AP reported that Alito faulted Loper for accepting Evans’ explanations and moving on without analyzing whether race was the reason. In the 2019 case of Curtis Flowers, the Supreme Court overturned Flowers’ death sentence and conviction, describing what Kavanaugh characterized as a “relentless, determined effort to rid the jury of Black individuals.” Kavanaugh and other justices returned to that precedent during Tuesday’s discussion.
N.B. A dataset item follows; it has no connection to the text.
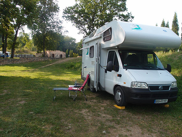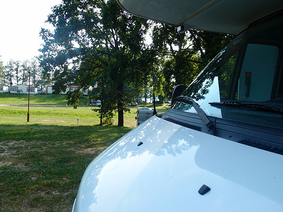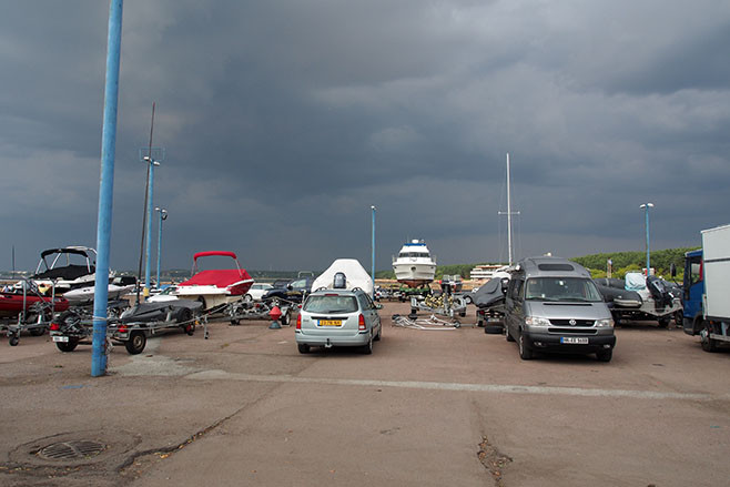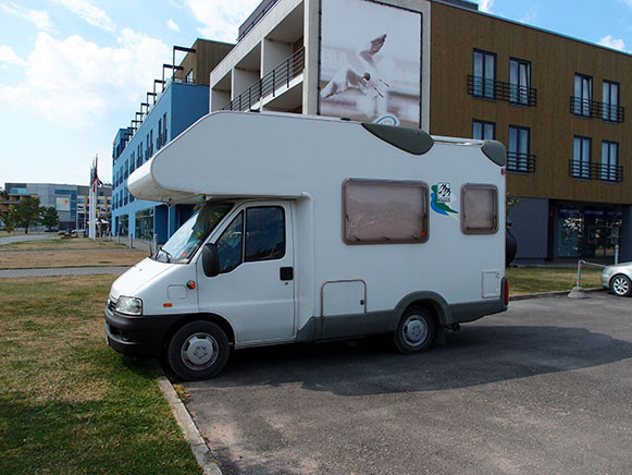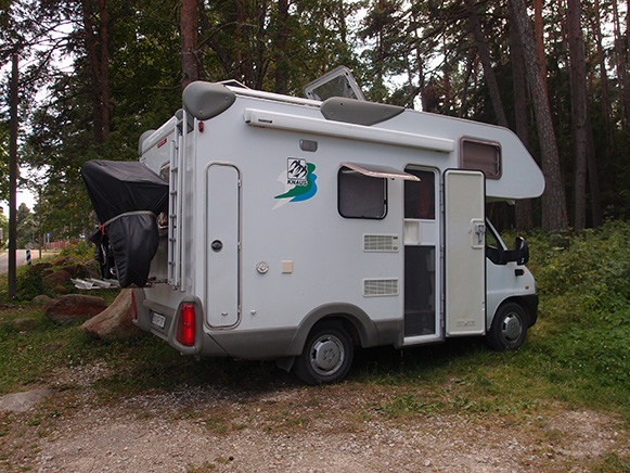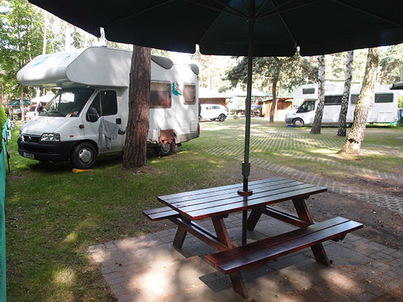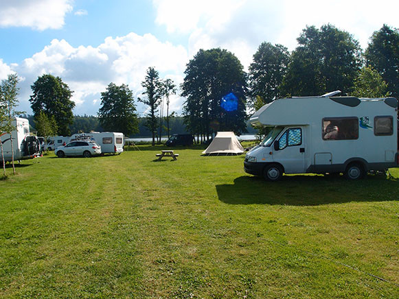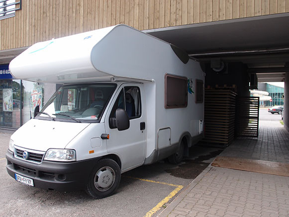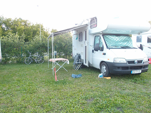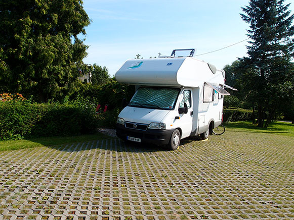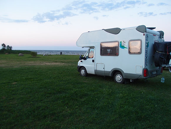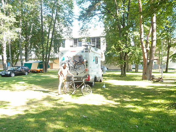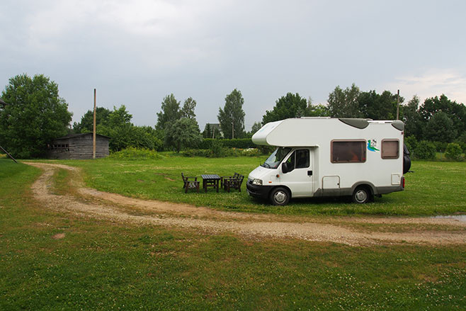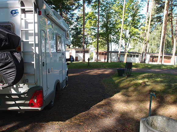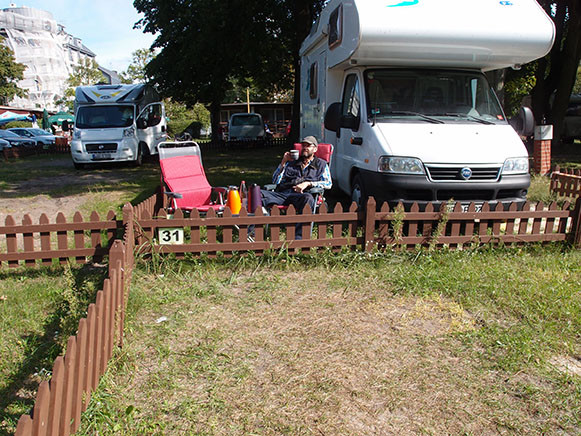 Da wir von allen gehört hatten, dass es in Riga eng und voll sein würde, wollten wir früh da sein, um uns einen schönen Platz für ja immerhin sieben Übernachtungen auszusuchen. Und tatsächlich, als wir um kurz nach 11.00 Uhr hier eintrafen, waren noch einige Plätze frei und wir stellten uns auf Rat des sehr netten Mannes an der Rezeption in die letzte Reihe, weil es hier am ruhigsten ist.

Mississippi Solicitor General Scott Stewart sought to distinguish Pitchford’s case from Flowers’. Stewart told the court, “In Flowers versus Mississippi, this Court faced an extraordinary case and ruled against the state,” adding that Pitchford’s case was “also extraordinary but in a very different way that requires a very different result.”
The Supreme Court could rule for Pitchford while still leaving for lower courts the question of whether the conviction should be overturned, AP said. The appeal has been working its way through the legal system for two decades, since the original trial and sentencing.
AP reported that Pitchford, who is now 40, was 18 when he and a friend decided to rob the Crossroads Grocery outside Grenada in northern Mississippi. AP said the friend shot Britt three times, fatally wounding him, and that the friend was ineligible for the death penalty because he was younger than 18, while Pitchford was tried for capital murder and sentenced to death.
In 2023, AP reported that U.S. District Judge Michael P. Mills overturned Pitchford’s conviction, holding that the trial judge did not give Pitchford’s lawyers enough opportunity to argue that prosecutors improperly dismissed Black jurors. AP said Mills wrote that his ruling was partially motivated by Evans’ actions in prior cases, and that a unanimous panel of the 5th U.S. Circuit Court of Appeals later reversed Mills’ ruling.
During Tuesday’s exchange, AP reported that Kavanaugh praised Mills’ handling of the case, saying, “Mills is a very experienced district judge. He had been a former Mississippi Supreme Court justice. He knows what he’s doing. He read the record entirely differently than you did.”